You could have any boat your want....

Post up what would be your dream boat, add a few pics too if you can


----------



## skiff89_jr (Apr 1, 2011)

Xcat- this is the 1st one build. Something along the lines of this. Super low draft and easy to navigate with in our shallow rivers. This thing is a catfishing machine!

This boat is built by Xtreme boats out of Bonifay, Fl. 
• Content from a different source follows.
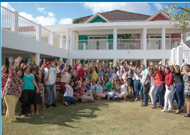
Colaboradores de la Red de Servicios Los Ríos, en el Distrito Nacional, disfrutaron su encuentro navideño.

En este encuentro además de degustar un típico almuerzo navideño, también fueron reconocidos con certificados los colaboradores que realizan su labor de manera sobresaliente al momento de cumplir su rol.

MINUS the merc! #TEAMYAMAHA

But who only wants 1 boat???


----------



## Chris Gatorfan (Apr 8, 2012)

42' Fountain fishing boat


----------



## NoMoSurf (Oct 2, 2007)

36' Yellowfin
Scout 345
or 
Everglades 355CC
Everglades 350 LX or EX

Any of those will do....:thumbsup:


----------



## Cant.Git.Enuf (Jan 21, 2013)

*Hanns 50ft center console*

I would have to go with the Hanns 50' CC with the 4x 300 engine package...


----------



## Tobiwan (Apr 27, 2012)

Since I have half a billion dollars I'm gonna get two boats one for offshore and one for inshore. Lets start with a 60ish American customs yacht I'm not really sure just how ridiculous it would be because its a completely hand built custom yacht That would be built to my liking but it would look something like this. Second would be a 24 yellowfin with all the amenities.


----------



## dockmaster (Sep 27, 2007)

Never have to worry how rough is is.......lol

billd


----------



## Gump (Oct 4, 2007)

Probably an 80' American Custom Yacht that would cruise around 40 kts. Enclosed Bridge. the works


----------



## SHO-NUFF (May 30, 2011)

I would buy a good used 4-stroke for my old ratty Pro-Line! 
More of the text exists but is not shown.